Recent prospective randomized trials have shown concurrent chemoradiotherapy improves locoregional control in postoperative patients with squamous cell carcinoma of the head and neck using cisplatin-based regimes. This report presents data pooled from three randomized trials employing mitomycin, selecting those patients treated postoperatively, to evaluate the long-term benefit of mitomycin in the postoperative setting and to compare these results with those of two other recently published randomized trials.

METHODS AND MATERIALS

Between 1980 and 1999, a total of 331 patients with squamous cell carcinoma of the head and neck from the three prospective trials were enrolled. Of the 205 postoperative patients in these trials, 103 were randomized to receive mitomycin and radiation, while 102 received radiation alone or radiation with porfiromycin in the third trial. Patients were treated with standard daily radiotherapy to a total median dose of 60 Gy over 47 days. Patients who were randomized to mitomycin C received 15 mg/m2 of the drug on days 5 and 47 (or last day).

RESULTS

The 5-year rate of locoregional control was higher in the mitomycin arms. There was no statistically significant difference in the rates of overall survival or distant metastasis. Patients had a lower percentage of high-risk factors in both arms of the study, compared with patients in the large prospective trials, including positive margins, two or more positive lymph nodes, or oropharynx primary tumors. The gains in locoregional control realized with mitomycin were similar to the improvements in the recently published randomized trials using platinum.

CONCLUSIONS

These results confirm significant gains in locoregional control using concurrent chemoradiotherapy in the postoperative setting for patients with squamous cell carcinoma of the head and neck. The lack of consensus over a benefit in the rates of overall survival and distant metastasis emphasizes the need for further prospective trials in the postoperative management of squamous cell carcinoma of the head and neck.

摘要

未标记

近期的前瞻性随机试验表明,采用基于顺铂的方案进行同步放化疗可提高头颈部鳞状细胞癌术后患者的局部区域控制率。

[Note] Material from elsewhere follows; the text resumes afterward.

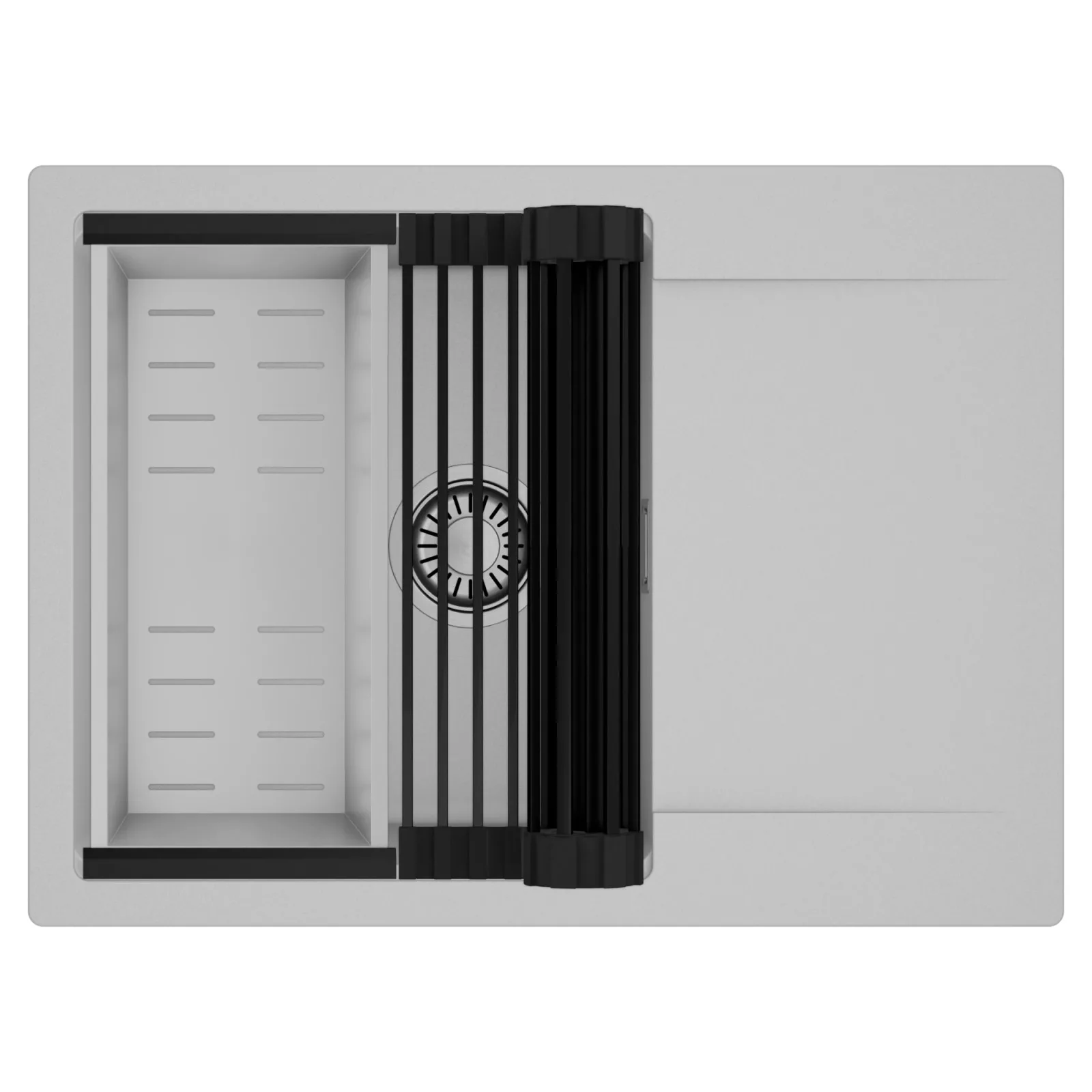 HD Onyx Grey 68-XL egymedencés mosogatótálca szett, csepegtetőráccsal és kosárral, alpesi szürke
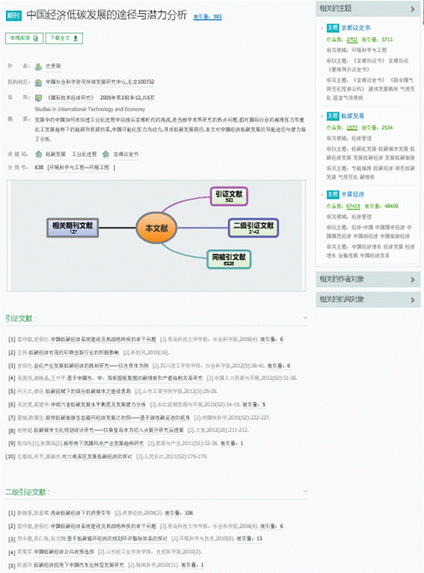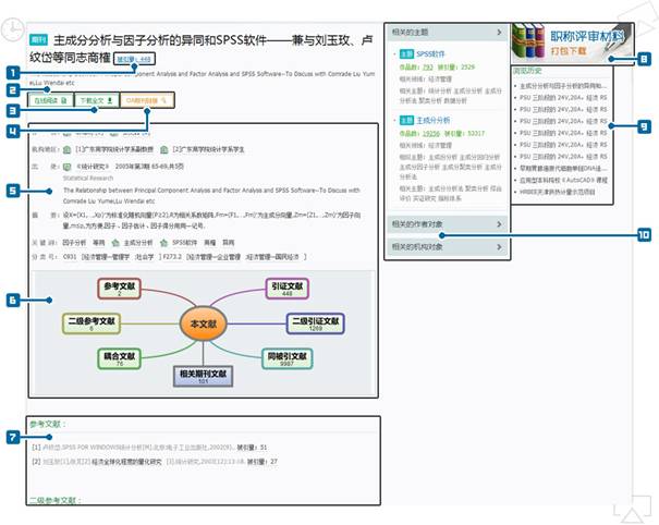 • 7相关文献内容:直观展示该篇文献的相似文献、参考文献、二级参考文献、引证文献、二级引证文献等信息;

本报告展示了三项采用丝裂霉素的随机试验汇总的数据,选取术后接受治疗的患者,以评估丝裂霉素在术后环境中的长期益处,并将这些结果与其他两项近期发表的随机试验结果进行比较。

方法与材料

1980年至1999年间,三项前瞻性试验中共纳入了331名头颈部鳞状细胞癌患者。在这些试验的205名术后患者中,103名被随机分配接受丝裂霉素和放疗,而在第三个试验中,102名患者单独接受放疗或接受与卟吩姆钠联合的放疗。患者接受标准的每日放疗,在47天内总中位剂量达到60 Gy。随机分配接受丝裂霉素C的患者在第5天和第47天(或最后一天)接受15 mg/m²的该药物治疗。

结果

丝裂霉素组的5年局部区域控制率更高。总生存率或远处转移率无统计学显著差异。与大型前瞻性试验中的患者相比,本研究两组患者的高危因素比例均较低,包括切缘阳性、两个或更多阳性淋巴结或口咽原发性肿瘤。丝裂霉素实现的局部区域控制改善与近期发表的使用铂类药物的随机试验中的改善相似。

结论

这些结果证实,对头颈部鳞状细胞癌术后患者采用同步放化疗可显著提高局部区域控制率。在总生存率和远处转移率方面缺乏益处的共识,强调了对头颈部鳞状细胞癌术后管理进行进一步前瞻性试验的必要性。